En la ocasión que correspondió a este evento hace cuatro años, todos los pensamientos se dirigían ansiosamente hacia una inminente guerra civil. Todos la temíamos, y todos tratamos de evitarla. Mientras que el discurso de toma de posesión se daba desde este mismo lugar, dedicado por completo a la salvación de la Unión sin llegar a la guerra, agentes insurrectos estaban en esta misma ciudad tratando de destruirla sin una guerra –con el objetivo de disolver a la Unión y dividir propiedades mediante negociaciones–. Ambas partes censuraban la guerra, pero una de ellas prefería llegar a la guerra antes de dejar que la nación sobreviviera, y la otra aceptaría la guerra antes de dejarla perecer. Así vino la guerra.

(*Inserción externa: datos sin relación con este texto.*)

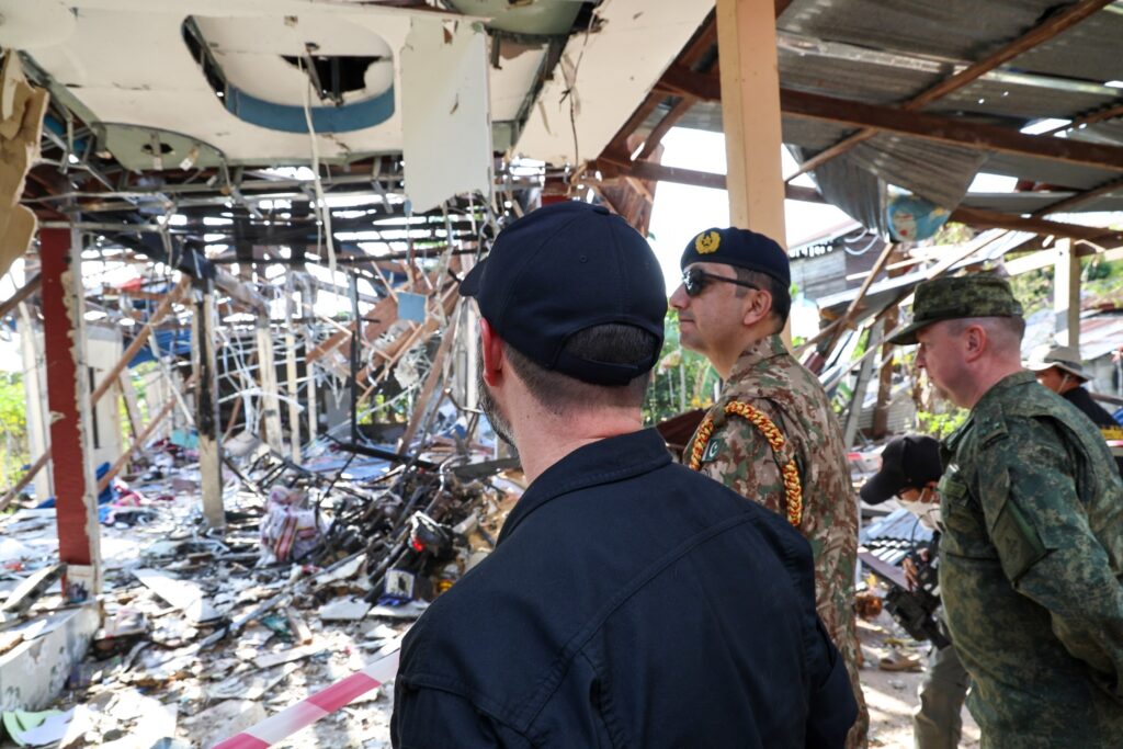 ภายหลังการรับฟังบรรยายสรุป คณะผู้ช่วยทูตทหารได้ลงพื้นที่ตรวจสอบความเสียหายบ้านเรือนประชาชนในหมู่บ้านหนองเม็ก ต.เสาธงชัย อ.กันทรลักษ์ ซึ่งถูกกระสุนปืนใหญ่ตกใส่จนได้รับความเสียหายหลายหลัง เพื่อรับทราบผลกระทบต่อพลเรือนจากเหตุปะทะตามแนวชายแดนไทย–กัมพูชา

Una octava parte de toda la población eran esclavos de color, y no se encontraban distribuidos de forma general dentro de la Unión, sino que localizados en la parte sur. Estos esclavos constituían un interés peculiar y poderoso. Todos sabían que este interés era, de una u otra forma, la causa de la guerra.

Fortalecer, perpetuar y ampliar este interés era el objetivo por el cual los insurrectos estaban dispuestos a separar la Unión, incluso por medio de la guerra; mientras que el Gobierno no pretendía ningún derecho más que restringir la ampliación territorial de esos intereses. Ninguna de las partes esperaba que la guerra tuviera el impacto o la duración que ha alcanzado. Tampoco se preveía que la causa del conflicto podría cesar durante o incluso antes de que el conflicto en sí mismo terminara. Cada parte buscaba un triunfo fácil, y un resultado menos fundamental y sorprendente. Ambas partes leen la misma Biblia y rezan al mismo Dios, y cada una invoca la ayuda de Dios al luchar contra la otra.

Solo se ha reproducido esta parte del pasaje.